What you have to do: In the material below, write out each line word for word and omit the pictures.

Given material:
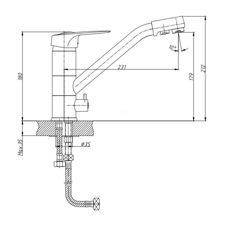 - Высота излива (см.) 17.9
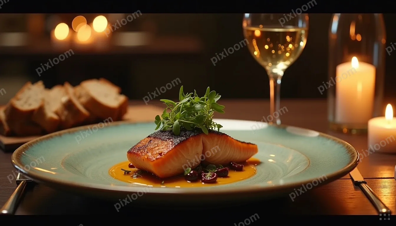 Cinematic1344x768A beautifully plated dinner at an upscale restaurant — grilled salmon with microgreens, a glass of white wine, rustic bread on a wooden board, candlelight reflections on dark tabletop. Rich warm tones, shallow depth of field. Wide cinematic composition with clean negative space. No text, no watermark, no logos, no UI elements.
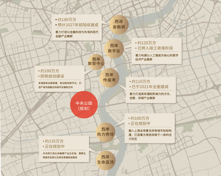 徐汇滨江热度之高,是得益于远瞻世界的战略规划,徐汇滨江打造“世界卓越水岸”,规划有百万方规划组团.徐汇滨江迄今已规划六个百万方组团,聚焦⼀港、⼀⾕、⼀城、⼀场、⼀湾、⼀心的六个百万⽅空间布局(⻄岸⾦融城、⻄岸数字⾕、⻄岸数智中心、⻄岸传媒港、⻄岸热⼒秀场和⻄岸⽣命蓝湾),而第七大组团“中央公园”,完美覆盖海上·清和玺所在上海植物园区域,未来将无界链接城市生态资源,促进徐汇滨江与城区无界融合、兑现徐汇滨江的高质量发展.

Result:
 - Высота излива (см.) 17.9
 Cinematic1344x768A beautifully plated dinner at an upscale restaurant — grilled salmon with microgreens, a glass of white wine, rustic bread on a wooden board, candlelight reflections on dark tabletop. Rich warm tones, shallow depth of field. Wide cinematic composition with clean negative space. No text, no watermark, no logos, no UI elements.
 徐汇滨江热度之高,是得益于远瞻世界的战略规划,徐汇滨江打造“世界卓越水岸”,规划有百万方规划组团.徐汇滨江迄今已规划六个百万方组团,聚焦⼀港、⼀⾕、⼀城、⼀场、⼀湾、⼀心的六个百万⽅空间布局(⻄岸⾦融城、⻄岸数字⾕、⻄岸数智中心、⻄岸传媒港、⻄岸热⼒秀场和⻄岸⽣命蓝湾),而第七大组团“中央公园”,完美覆盖海上·清和玺所在上海植物园区域,未来将无界链接城市生态资源,促进徐汇滨江与城区无界融合、兑现徐汇滨江的高质量发展.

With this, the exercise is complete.